Developed by the Community Alliance with Family Farmers (CAFF), the harvest kits are subsidized and given out free
to schools where more than
50 percent of the students qualify for free or reduced lunch. In Roseland, more than 90 percent of the students qualify.
“The kids in Roseland have the greatest health risks by far having to do with where they live,” says Heather Granahan, regional food systems manager for CAFF’s North Coast office. “Schools have a huge role in establishing eating habits with kids. According to research scientists at Kaiser, it’s key that kids have peer-support for eating healthier foods.”
If student response to the kits is a clue, then the peer support is happening.
“We’ve had kids fighting over the leftover kale,” says Granahan. “We’ve had reports from parents about students asking for better food at their house. We’re trying to have a ripple effect here.”
Physical activity on campuses has increased with “active recess,” where a trained coach runs kids through fun, gender-neutral games like celebrity tag to get them moving. The Sonoma County Bicycle Coalition sponsors a walking school bus and family bicycle workshops. Plus, instructors like Garret Cuneo, who teaches fourth grade at Roseland Elementary, are doing their part. Cuneo’s class does a 30-minute workout routine in the morning before class starts.

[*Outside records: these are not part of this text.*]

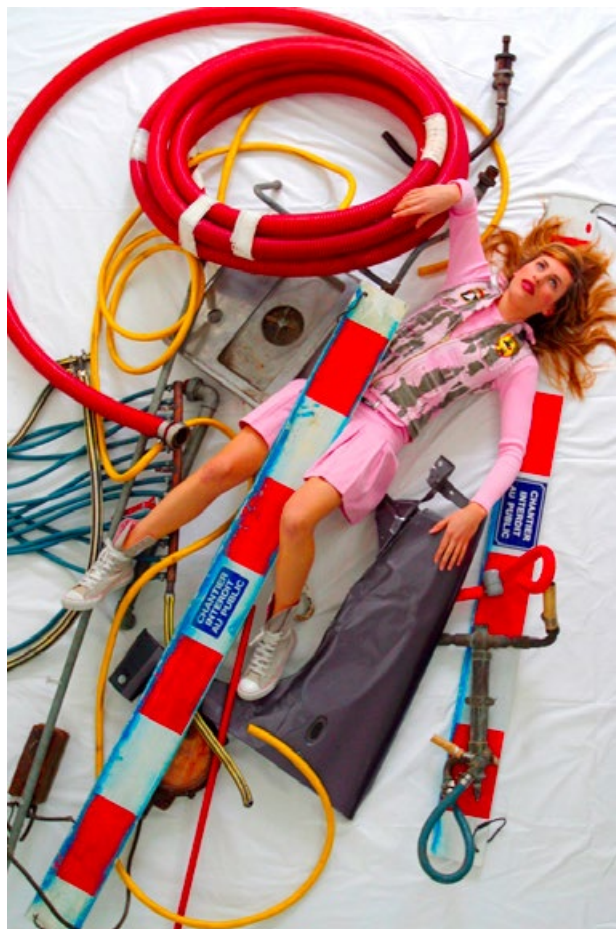
© Peter KLASSEN, Tsunami #1 / SK, 2006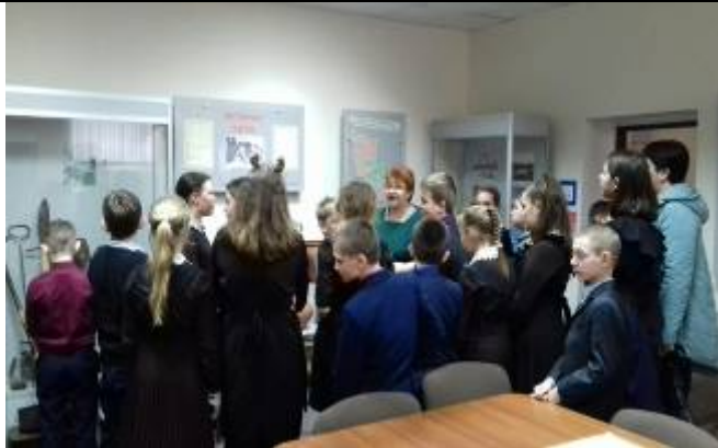
Обучающиеся Вязовской школы в музее истории с. Репяховка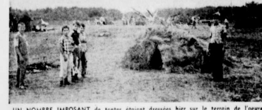
UN NOMBRE IMPOSANT de tentes étaient dressées hier sur le terrain de l'oeuvre des terrains de jeux à Omerville. On remarque sur la photo quelques-unes des habitations primitives ainsi que des membres de la tribu.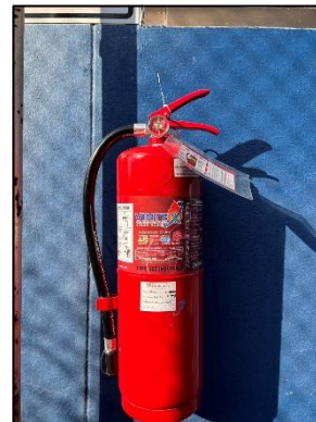
รูปที่ 2-23 ถังดับเพลิงประเภทผงเคมีแห้ง

“There’s a very tangible difference in their attitudes and performance after the workout,” Cuneo says via email. “They’re more alert and responsive.”

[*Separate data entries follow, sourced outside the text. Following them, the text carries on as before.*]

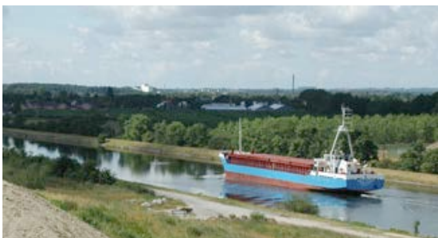
I dag sejler store skibe med en længde på op til 160 m ind til Odense Havn. Her ses et Mærsk skib.

Odense Kanal fra DanPilots lodsstation ved Gabet. Men lodseriet i Stige fungerede som lodseri for lodsningen fra Odense Fjord til Odense Havn i omkring 180 år. Odense var ikke en søfartsby som de fynske havnebyer. Men omkring 1870 var alligevel knap 80 sejlskibe hjemmehørende i Odense.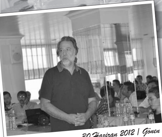
30 Haziran 2012 | Gönen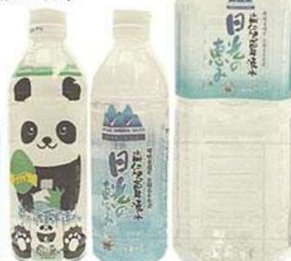
復興支援 パンダボトル 500ml

The data isn’t yet clear, but preliminary 2012–13 body-mass measurements at Roseland elementary show a decrease in obese and overweight students. But it’s not possible to form absolute conclusions from the data yet because of differences in sample sizes and methodology.
What is clear is that kids like Jesus and Daisy Sarmiento are benefiting in two ways: they get good nutrition at school, along with chances for exercise; and at home, their mom Alejandra Sarmiento reinforces the knowledge by modeling healthy living herself.
Some parents have not gotten on board. Hortencia Garcia manages the kitchen at Roseland elementary. She says she still sometimes sees people buying lard-laden tamales for breakfast, for their kids and for themselves, from mobile food vendors parked just outside the school limits. A county ordinance passed in 2009 prohibits vending within 500 foot of any school property, but it’s been difficult to enforce the rule. And the vendors keep coming.
But go to a Zumba class at Roseland elementary and you’ll see the success stories. One woman’s depression is gone. Another has lower insulin levels. And many of the women have dropped a few pounds.
You’ll see that Alejandra Sarmiento has become a community leader. Recently, she was recruited for a five-day neighborhood leadership training class through St. Joseph’s. Sarmiento got a crash course in social justice, community organizing and outreach. She learned about the relationship between governmental policy and the health of communities and strategic planning. She’s excited to go to neighborhood stores as a Healthy Food Project representative, where, for a stipend, she’ll promote marketing and product-placement.
Sarmiento says the training, the nutrition classes and, yes, even the Zumba sessions, have given her a voice.
“I didn’t feel empowered before,” she says. “I felt embarrassed and unsure of myself. But now I feel able to make change.”
This article was produced as a project for The California Endowment Health Journalism Fellowships, a program of the USC Annenberg School for Communication and Journalism.